What you will do: Could you write out the listing below exactly as it stands, leaving out the pictures?

Segment Open

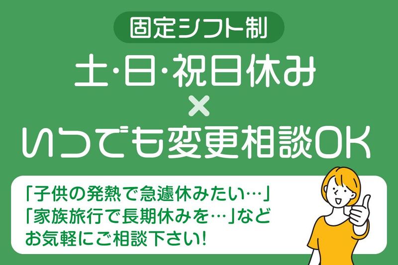 <土日祝休み>シフト融通◎家事・育児とも両立可能!
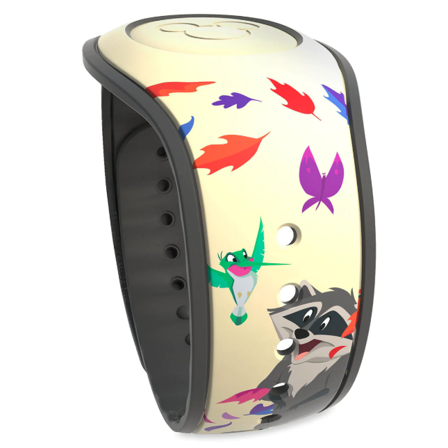 The other side of the band features her playful and devoted sidekicks, Flit and Meeko! Their smiles beam brightly as the wind surrounds them in painted leaves. This is an open edition MagicBand and retails for $24.99.
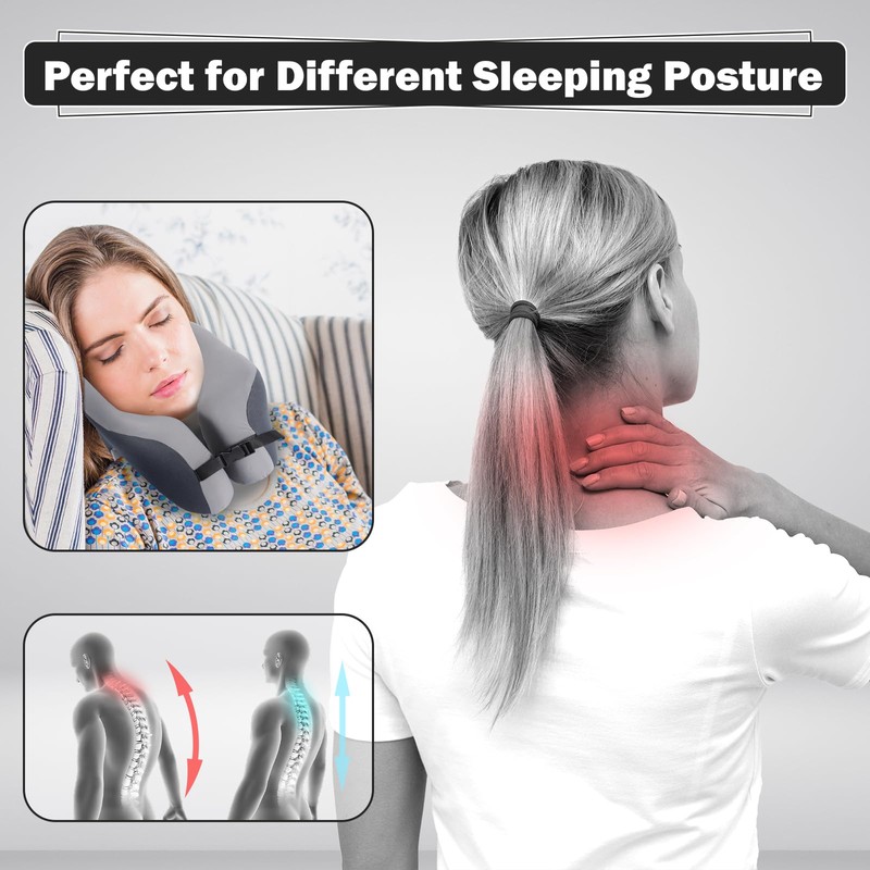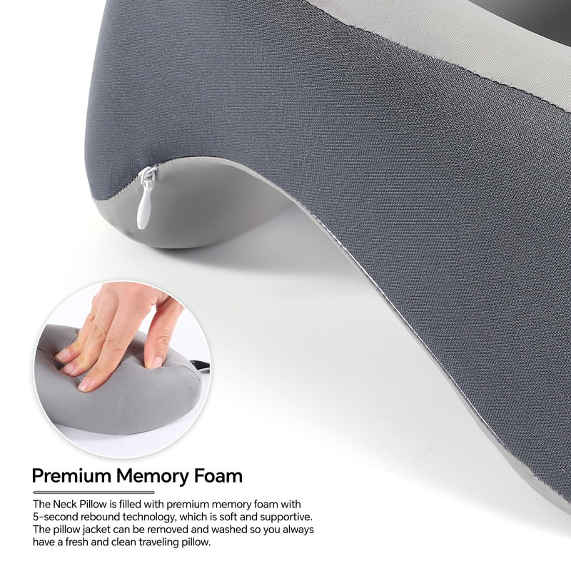 - HIGH-QUALITY MEMORY FOAM NECK PILLOW: Our 2-in-1 neck pillow is crafted from premium memory foam with 5-second rebound technology. It relieves pain at pressure points, distributes pressure evenly across the head, neck, and shoulders, providing unparalleled relaxation and full neck support. Perfect for airplane travel, the pillow's curved design conforms to your neck's shape, offering personalized support.
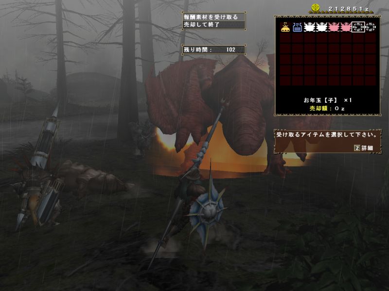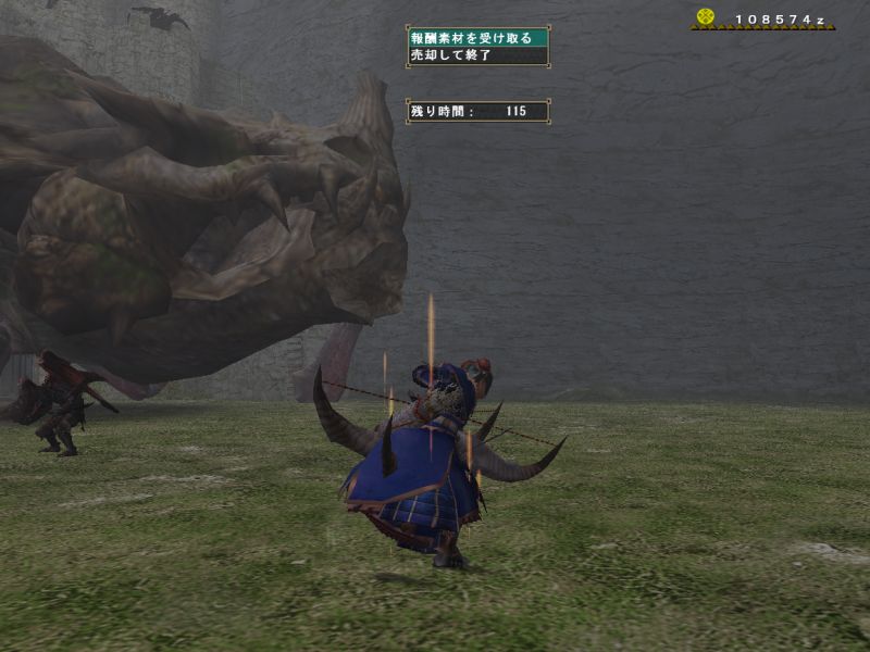 メテオくらって1死、殴られて2死。3死目はわたしかバルカンかどちらかだーと思っていたらやはりそのあたりで龍撃砲をぶっ放したとたんに討伐達成になった、よかった~。
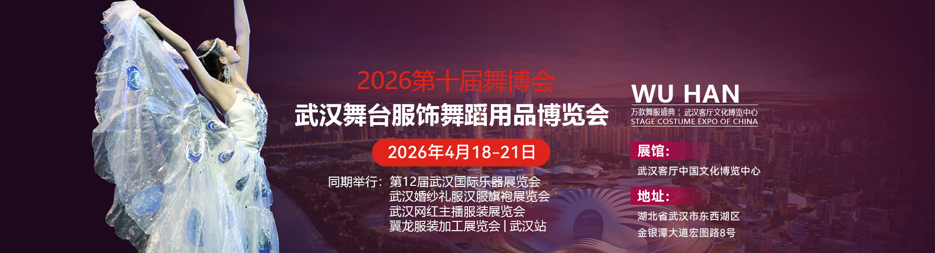中国(武汉)舞台服饰舞蹈用品博览会,自2015年起举办,是目前国内唯一的舞台演艺服饰、舞蹈服饰及用品、艺术服饰、民族服饰、汉服礼服、体服练功服等服饰的专业展览会。每年参展的近200家服饰厂商,在10000多平方米的展览区域,展示数万款最新设计的精美舞服,新款爆款荟萃,引领行业潮流,全国客商云集,共造舞服年度商贸交流盛会。对厂家和商家来说,聚集在舞博会,既是参展销售拓展商机,展示企业实力和设计风格制作工艺,亦可跟进市场变化,了解新技术新工艺新材料,挑选定制服饰,交流设计创意,储备厂商和款式资源,提前充分准备,抢占市场先机。
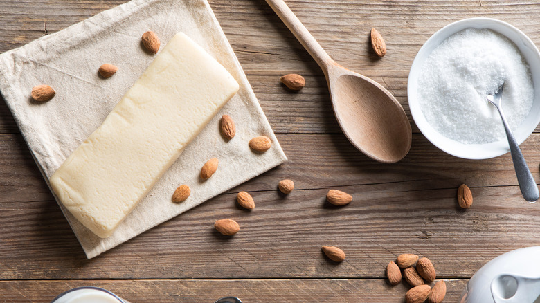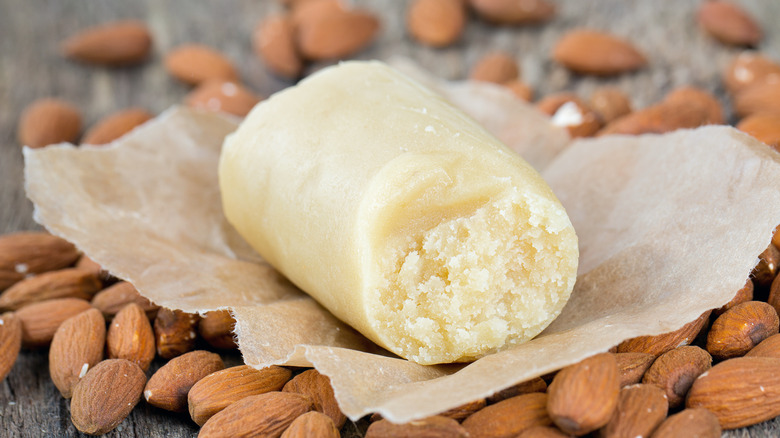 Well, yes, technically marzipan is a paste made of almonds. However, as Bon Appetit explains, the term "almond paste" specifically refers to a separate food. Like marzipan, almond paste is a sweetened paste made from ground almonds, often bound together with egg and sugar syrup. But despite their similarities, it's important to know the difference. Read on to learn what makes them unique.

Segment Closed

Task solution:
 <土日祝休み>シフト融通◎家事・育児とも両立可能!
 The other side of the band features her playful and devoted sidekicks, Flit and Meeko! Their smiles beam brightly as the wind surrounds them in painted leaves. This is an open edition MagicBand and retails for $24.99.
 - HIGH-QUALITY MEMORY FOAM NECK PILLOW: Our 2-in-1 neck pillow is crafted from premium memory foam with 5-second rebound technology. It relieves pain at pressure points, distributes pressure evenly across the head, neck, and shoulders, providing unparalleled relaxation and full neck support. Perfect for airplane travel, the pillow's curved design conforms to your neck's shape, offering personalized support.
 メテオくらって1死、殴られて2死。3死目はわたしかバルカンかどちらかだーと思っていたらやはりそのあたりで龍撃砲をぶっ放したとたんに討伐達成になった、よかった~。
中国(武汉)舞台服饰舞蹈用品博览会,自2015年起举办,是目前国内唯一的舞台演艺服饰、舞蹈服饰及用品、艺术服饰、民族服饰、汉服礼服、体服练功服等服饰的专业展览会。每年参展的近200家服饰厂商,在10000多平方米的展览区域,展示数万款最新设计的精美舞服,新款爆款荟萃,引领行业潮流,全国客商云集,共造舞服年度商贸交流盛会。对厂家和商家来说,聚集在舞博会,既是参展销售拓展商机,展示企业实力和设计风格制作工艺,亦可跟进市场变化,了解新技术新工艺新材料,挑选定制服饰,交流设计创意,储备厂商和款式资源,提前充分准备,抢占市场先机。
 Well, yes, technically marzipan is a paste made of almonds. However, as Bon Appetit explains, the term "almond paste" specifically refers to a separate food. Like marzipan, almond paste is a sweetened paste made from ground almonds, often bound together with egg and sugar syrup. But despite their similarities, it's important to know the difference. Read on to learn what makes them unique.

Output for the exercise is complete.